Task to complete:
Transcribe the entries below with complete accuracy, excluding the pictures.

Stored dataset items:
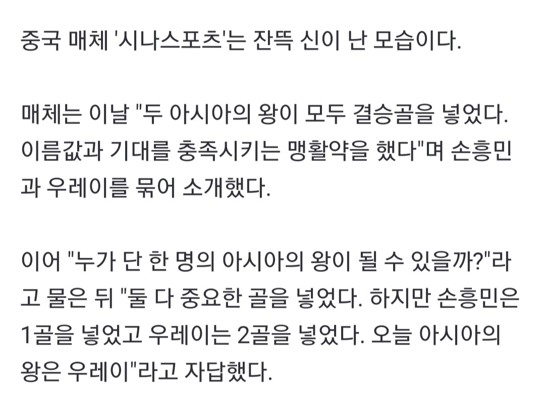 [중국 "손 & 우레이 누가 아시아의 왕인가"]
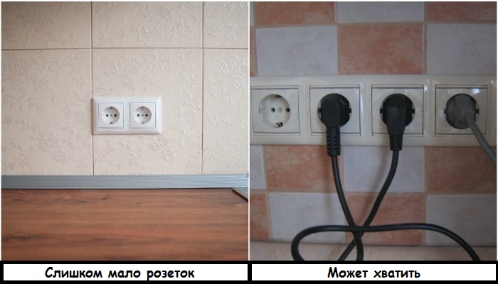 Одно из главных правил любого ремонта – розеток много не бывает. Даже если вы думаете, что двух-трех штук в этой зоне будет вполне достаточно, в процессе полноценного проживания в квартире вы осознаете, что их катастрофически не хватает, а исправить уже ничего нельзя будет (по крайней мере, бесплатно). Учитывайте тот факт, что со временем ваше жилье будет обрастать электроприборами, как дерево мхом, и если сейчас на кухне вы пользуетесь только электрическим чайником и холодильником, то со временем понадобится розетка для блендера, кофеварки, вафельницы и прочих бытовых приборов.
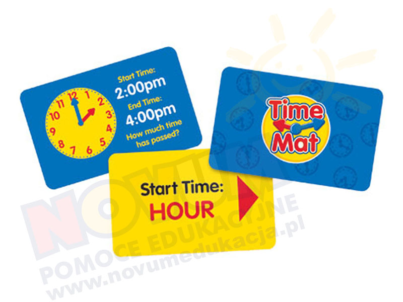 Mata, która uczy odczytywania godzin na zegarze. Na planszy znajduje się tarcza zegara ze wskazówkami w dwóch kolorach. Zadaniem gracza jest ustawienie wskazówek zgodnie ze wskazaniem kostek. W zestawie : • winylowa mata o wym. 137 x 137 cm • 4 kostki ( 2 czerwonymi, wskazujące godziny i 2 niebieskie, wskazujące minuty) • 20 kart • instrukcja
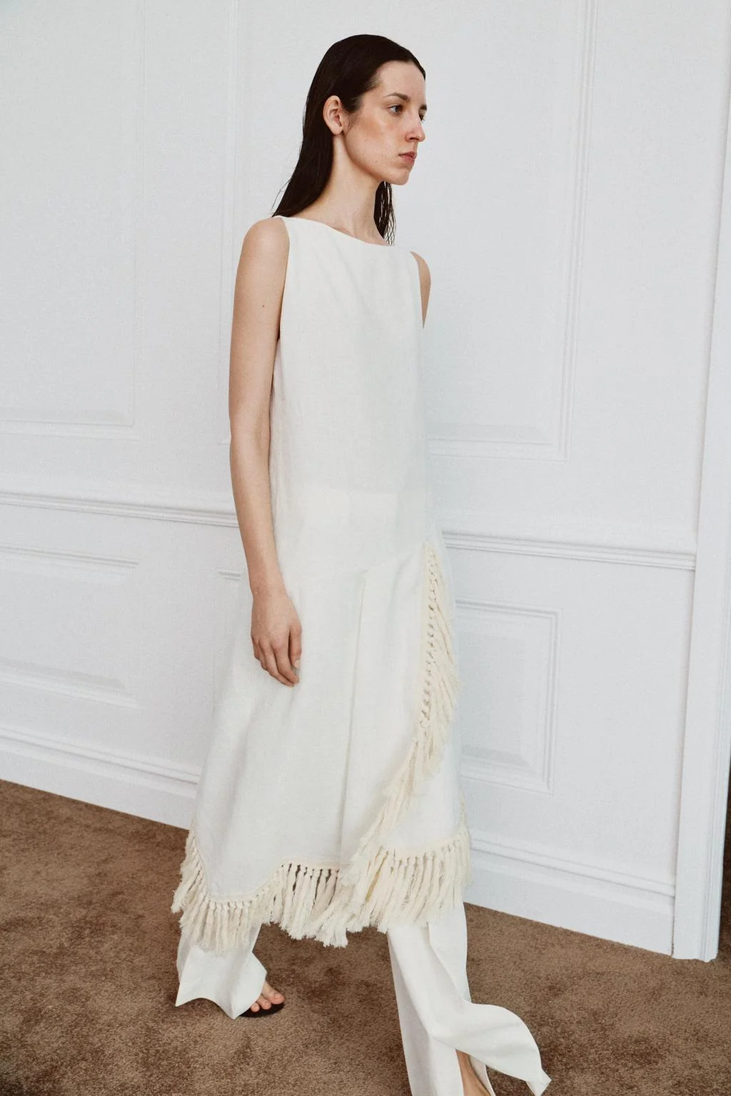 Midi dress with main fabric made from linen yarn. Boat neck and sleeveless design. Contrast fringe detail. Asymmetric hem. Concealed zip fastening in the seam.
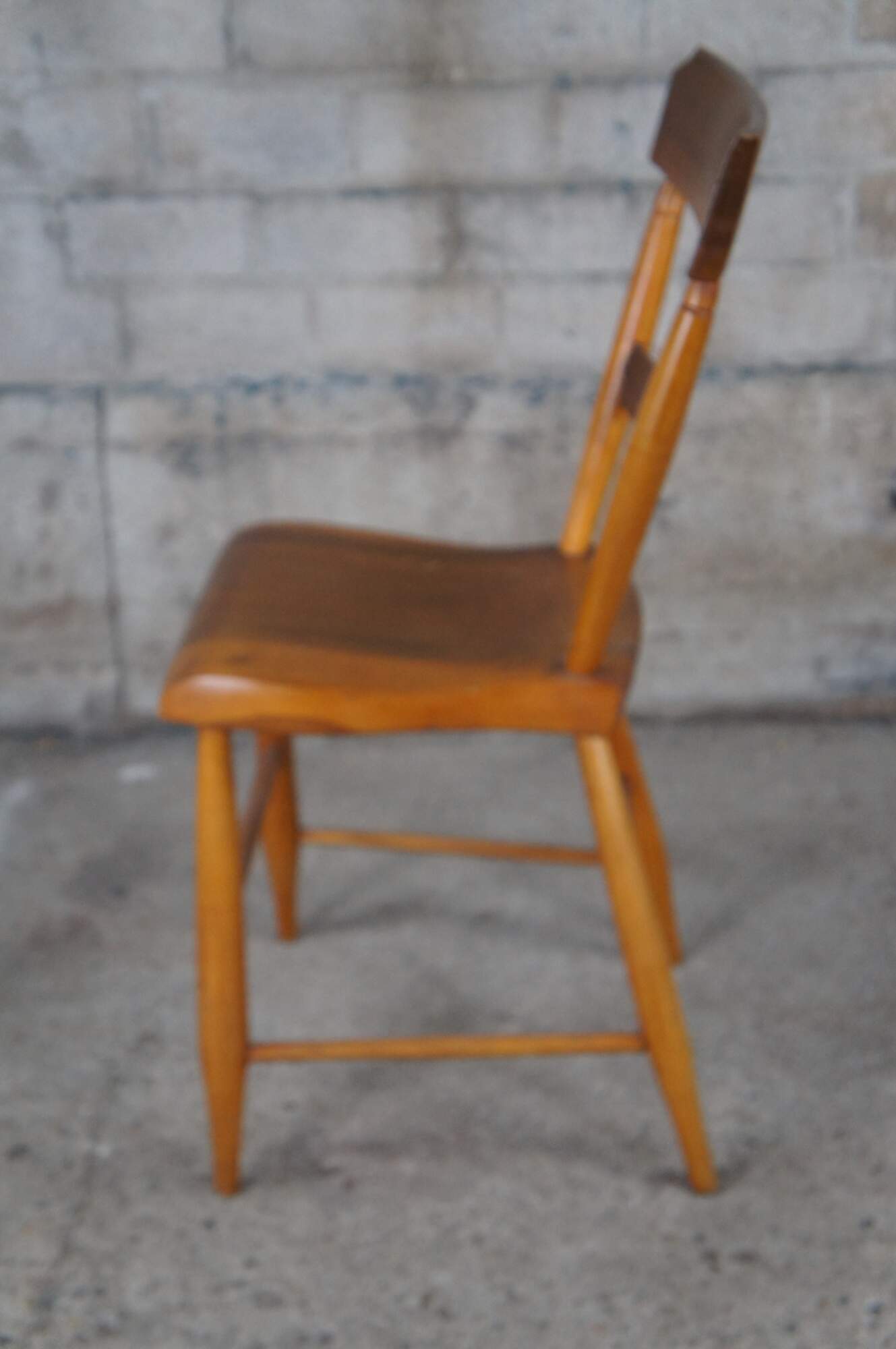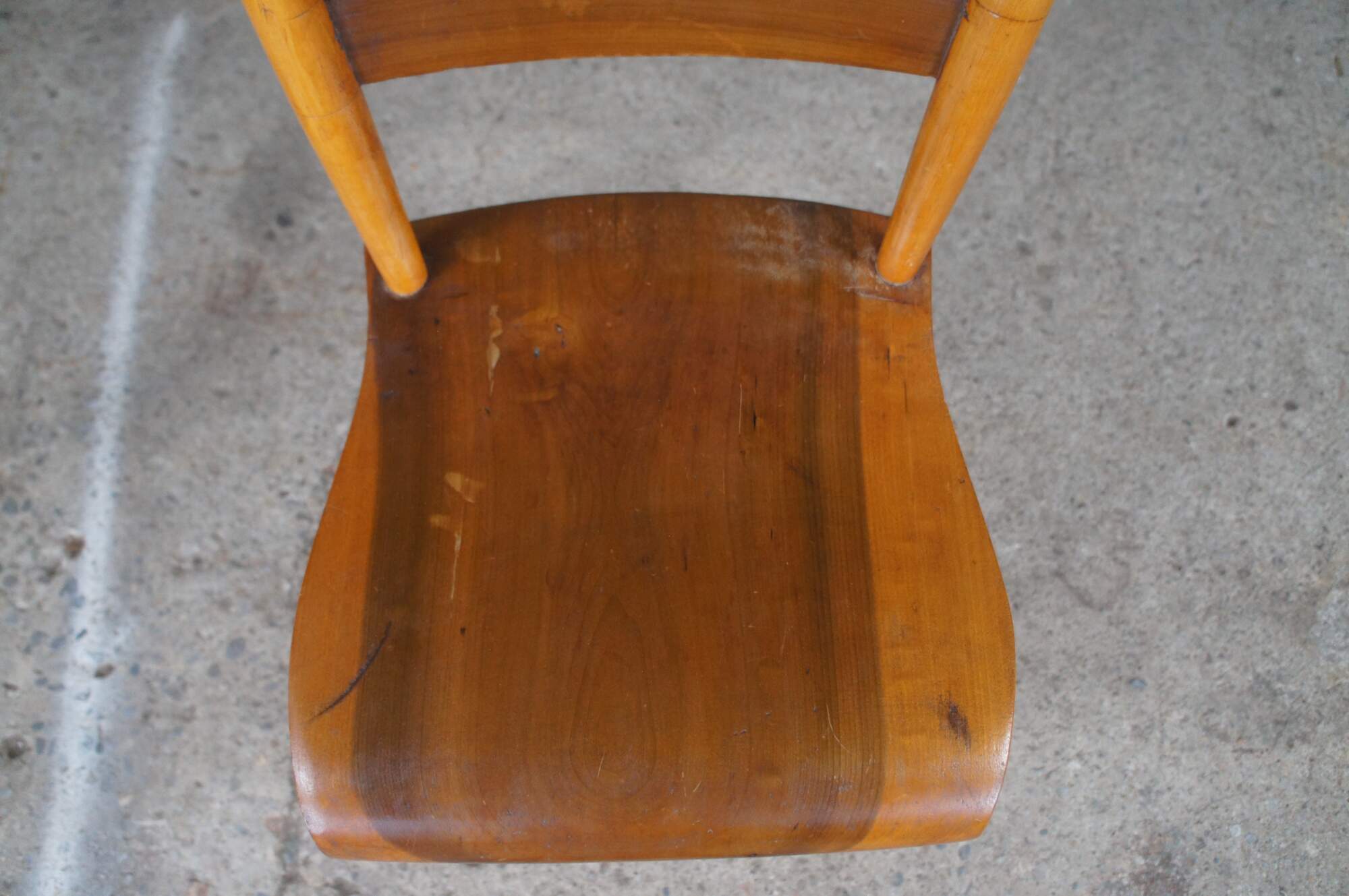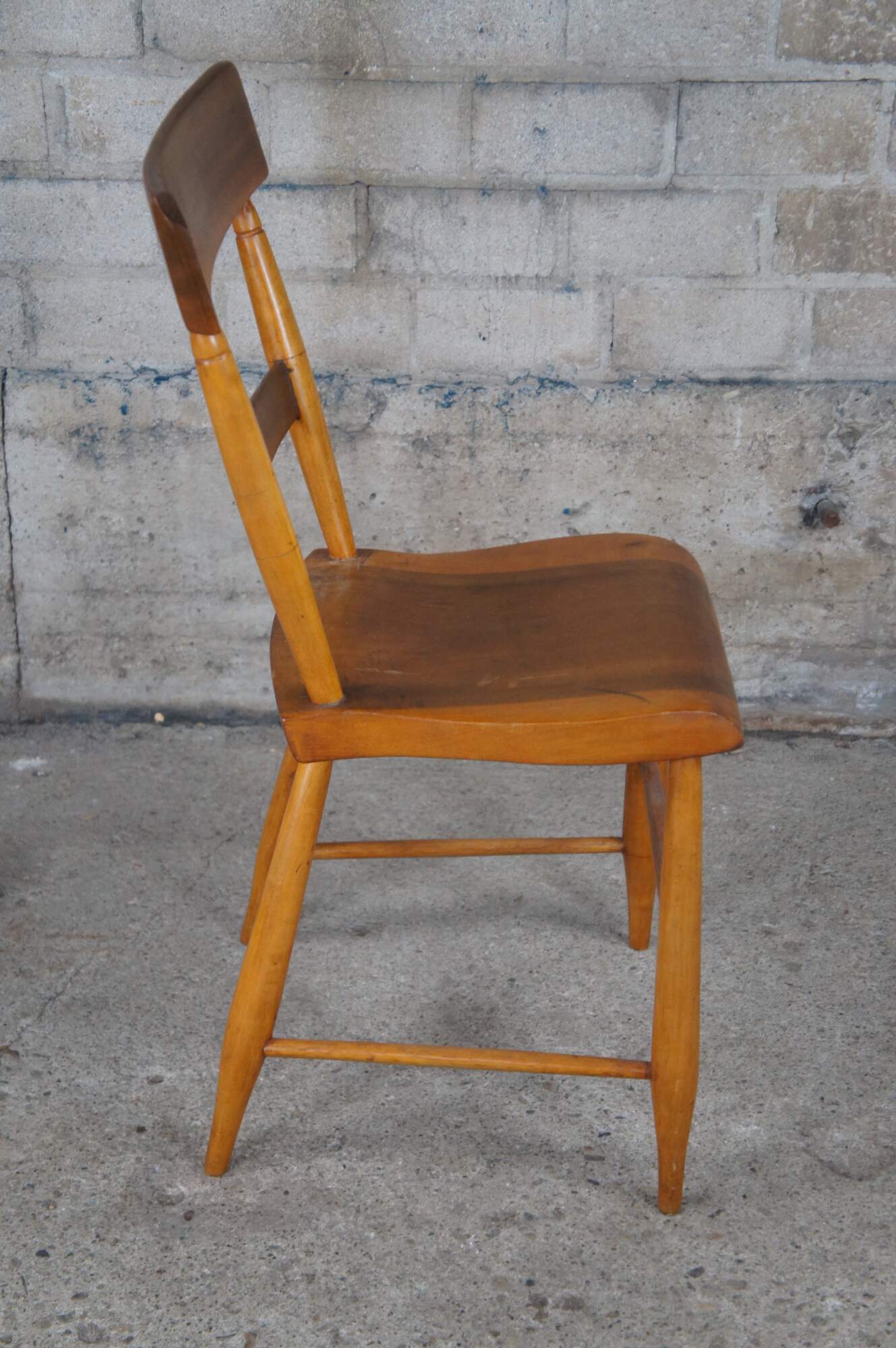 A charming antique side chair. Features a petite size made from maple with a contoured plank seat. A fun addition to any space.

Exercise solution:
 [중국 "손 & 우레이 누가 아시아의 왕인가"]
 Одно из главных правил любого ремонта – розеток много не бывает. Даже если вы думаете, что двух-трех штук в этой зоне будет вполне достаточно, в процессе полноценного проживания в квартире вы осознаете, что их катастрофически не хватает, а исправить уже ничего нельзя будет (по крайней мере, бесплатно). Учитывайте тот факт, что со временем ваше жилье будет обрастать электроприборами, как дерево мхом, и если сейчас на кухне вы пользуетесь только электрическим чайником и холодильником, то со временем понадобится розетка для блендера, кофеварки, вафельницы и прочих бытовых приборов.
 Mata, która uczy odczytywania godzin na zegarze. Na planszy znajduje się tarcza zegara ze wskazówkami w dwóch kolorach. Zadaniem gracza jest ustawienie wskazówek zgodnie ze wskazaniem kostek. W zestawie : • winylowa mata o wym. 137 x 137 cm • 4 kostki ( 2 czerwonymi, wskazujące godziny i 2 niebieskie, wskazujące minuty) • 20 kart • instrukcja
 Midi dress with main fabric made from linen yarn. Boat neck and sleeveless design. Contrast fringe detail. Asymmetric hem. Concealed zip fastening in the seam.
 A charming antique side chair. Features a petite size made from maple with a contoured plank seat. A fun addition to any space.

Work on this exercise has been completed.